BVM se risque à un pronostic : « Je pense que si le PS choisit FH ou MValls il a des chances de sortir Nicolas Sarkozy. » Tout comme Christie qui voit « Une victoire de la gauche ;). J’imagine de grosses propositions de la gauche et une grosse émulation ». Mais cet autre militant nous fait part de son « inquiétude car Sarkozy travaille ses clientèles et les vieux votent. Sans parler de la force du FN ». Enfin L. estime qu’ « il est trop tôt pour se prononcer. Le jeu est encore ouvert, et les affaires internationales, économiques et financières notamment, peuvent à tout moment redistribuer les cartes ».

Les votants sont certes enthousiastes pour participer à cet exercice démocratique, mais point de Bisounours parmi eux. Tous sont bien conscients que cette campagne sera très difficile, tant sur les méthodes –les affaires ont déjà commencé à pourrir l’ambiance- que sur la bataille à mener pour l’emporter, et l’incertitude pesant sur le scrutin. En effet, si loin de l’échéance, rien n’est joué…

Des votants contents de la tenue de cette primaire

Et ces votants sont contents de la teneur des débats. « Il y a quelques mois, JAMAIS je n’aurais prêté autant d’attention au PS (je suis plutôt Front de Gauche/EELV selon les questions et les élections), mais la nouveauté et l’attrait du processus m’ont énormément attirée. Je trouve ces primaires très très réussies, tant sur le fond (j’ai entendu un nombre suffisant de réponses concrètes) que sur la forme (cette stratégie d’occupation de l’espace médiatique est très bonne) », indique Marine. Kakouik renchérit : « J’ai trouvé pour l’instant cette campagne d’un très bon niveau et les débats beaucoup plus intéressants que ceux de 2007 ».

En conclusion…

Qui a dit que les français ne s’intéressaient pas à la politique ? Cet échantillon non représentatif de votants démontre, par ces réponses, que la politique n’est pas que l’affaire des partis, et que les citoyens sont bien plus éclairés sur les enjeux de la présidentielle que les éléments de langage des uns ou des autres ne pourraient le laisser penser.

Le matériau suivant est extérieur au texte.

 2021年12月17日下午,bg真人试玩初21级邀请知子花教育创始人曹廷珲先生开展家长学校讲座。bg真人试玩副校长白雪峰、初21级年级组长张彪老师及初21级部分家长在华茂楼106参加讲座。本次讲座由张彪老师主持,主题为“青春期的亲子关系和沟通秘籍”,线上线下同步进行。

Comme l’indique Maïta, « il semblerait que les Français se réveillent pour voter cette année. Cette tendance reste à confirmer ».

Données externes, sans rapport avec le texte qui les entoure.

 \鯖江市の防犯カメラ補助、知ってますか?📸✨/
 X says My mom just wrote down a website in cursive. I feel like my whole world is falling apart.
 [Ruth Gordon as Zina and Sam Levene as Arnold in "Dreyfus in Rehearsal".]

Le votant type de la primaire ? Un citoyen engagé, plutôt à gauche mais pas que, qui se veut un acteur de la présidentielle, pour choisir la France de demain. En effet, tous ont témoigné de leur envie très forte d’avoir un impact sur la présidentielle par ce premier vote de dimanche.

Ils veulent peser dans le débat, en choisissant un candidat qui réponde à leurs attentes, mais qui, au-delà des valeurs de gauche qu’il devra représenter, sera en capacité de rassembler les français lors de la présidentielle, et donc, de battre Nicolas Sarkozy.

Et vous ?

*Pour participer aux primaires du PS, il vous suffit de votre carte d’identité, d’un euro, et de vous rendre à votre bureau de vote, que vous trouverez sur le site de la primaire citoyenne.